Exercise: Your copy should hold exactly the lines from the beginning of the listing below through the line with "Metal Tone Beaded", without any pictures.

Material provided:
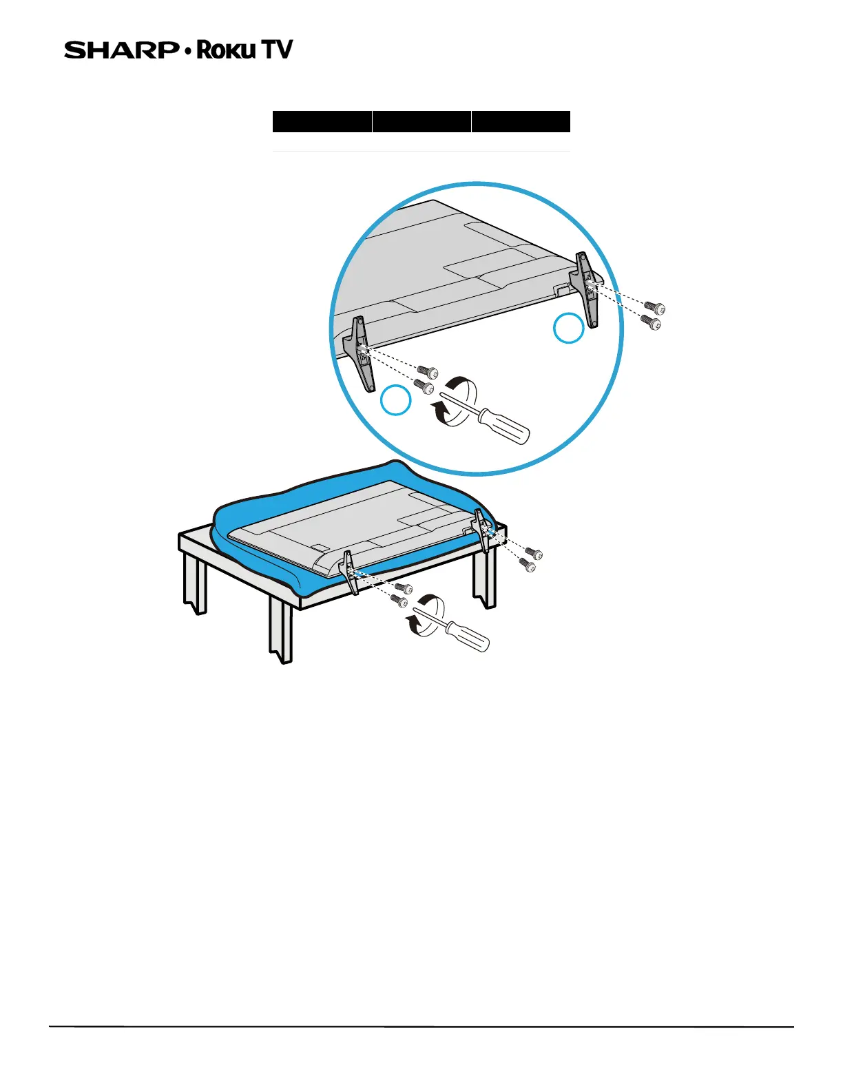 towards the front of the TV. Secure the stands to the TV with the four provided screws.
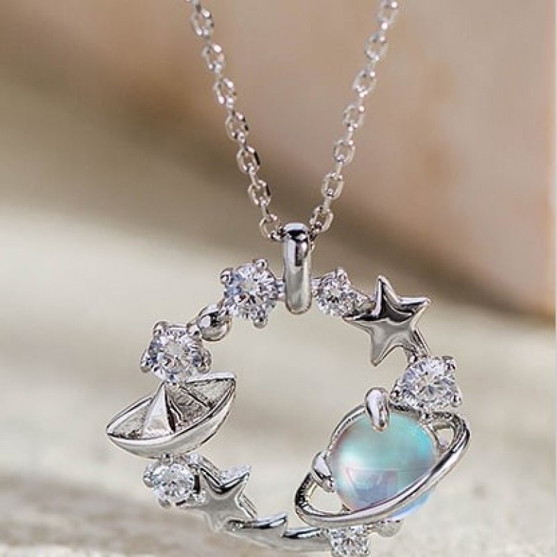 Collar con colgante de cadena de clavícula de plata 925 con dise?o de planeta Lianlian y piedra de cristal azul de Fanci Fan Qi
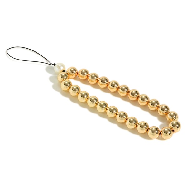 Metal Tone Beaded Cell Phone Strap With Pearl Accent
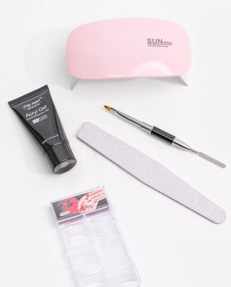 Opakowanie zawiera: 1 x żel, 100 x plastikowe paznokcie, 1 x szpatułka i pędzelek, 1 x lampa UV/LED, 1 x instrukcja obsługi

Task output:
 towards the front of the TV. Secure the stands to the TV with the four provided screws.
 Collar con colgante de cadena de clavícula de plata 925 con dise?o de planeta Lianlian y piedra de cristal azul de Fanci Fan Qi
 Metal Tone Beaded Cell Phone Strap With Pearl Accent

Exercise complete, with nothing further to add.